China’s Decision Not to Cut Key Interest Rate Hampers Real Estate Confidence, Sours Economic Prospects

by time news

China’s decision to not cut its five-year loan prime rate (LPR), a key interest rate that affects mortgages, has surprised investors and raised concerns about the troubled real estate sector. The People’s Bank of China (PBOC) maintained the LPR at 4.2%, while reducing the one-year LPR by 10 basis points to 3.45%. Economists had predicted a cut of at least 15 basis points for the five-year rate. The lack of action on the five-year rate is seen as underwhelming and insufficient to revive confidence in the real estate sector and stimulate credit demand. The LPR serves as a benchmark for household and corporate lending, and a reduction in the rate would have lowered borrowing costs.
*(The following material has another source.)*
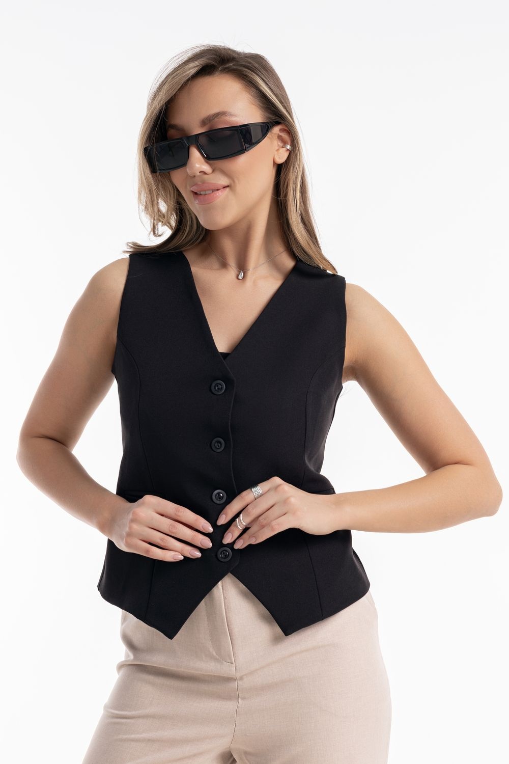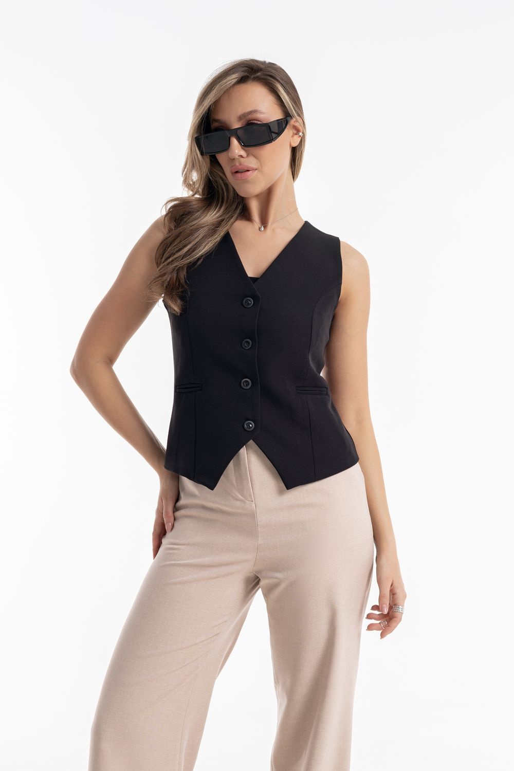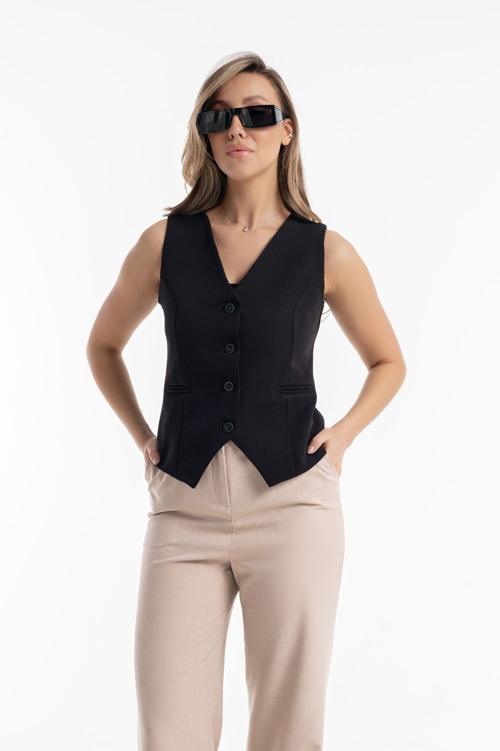 Женский классический жилет на пуговицах - воплощение привлекательности, эстетичности и неотъемлемая вещь базового гардероба любой модницы. Мы создали универсальный жилет как для повседневной носки, так и для офиса. В нем сочетаются все современные тенденции и элементы классического стиля. Женская костюмная жилетка прекрасно подходит под пиджак, к блузке, брюкам и юбкам. Она способна создать, как образ делового стиля, так и более свободного с кроссовками и джинсами.

The news led to a decline in Hong Kong stocks, mainland China stocks, and the Chinese yuan. Concerns about China’s economy persist, with a crisis in the property sector, deflation, weaker exports, and high unemployment among younger people. UBS has downgraded its economic forecast for China, citing a prolonged property downturn and weakening global demand. The PBOC has been striving to support the economy, previously cutting LPR rates in June. However, economic indicators have shown a slowdown, with consumer spending, factory production, and investment all declining in July compared to the previous year. The troubled state of the real estate market, coupled with concerns about debt in the sector, has fueled worries of a broader crisis. Analysts argue that larger rate cuts or regulatory measures are needed to restore confidence and revive demand in the housing market. However, the effectiveness of the PBOC’s monetary policy in the current environment is limited, and additional measures may be necessary to stabilize growth.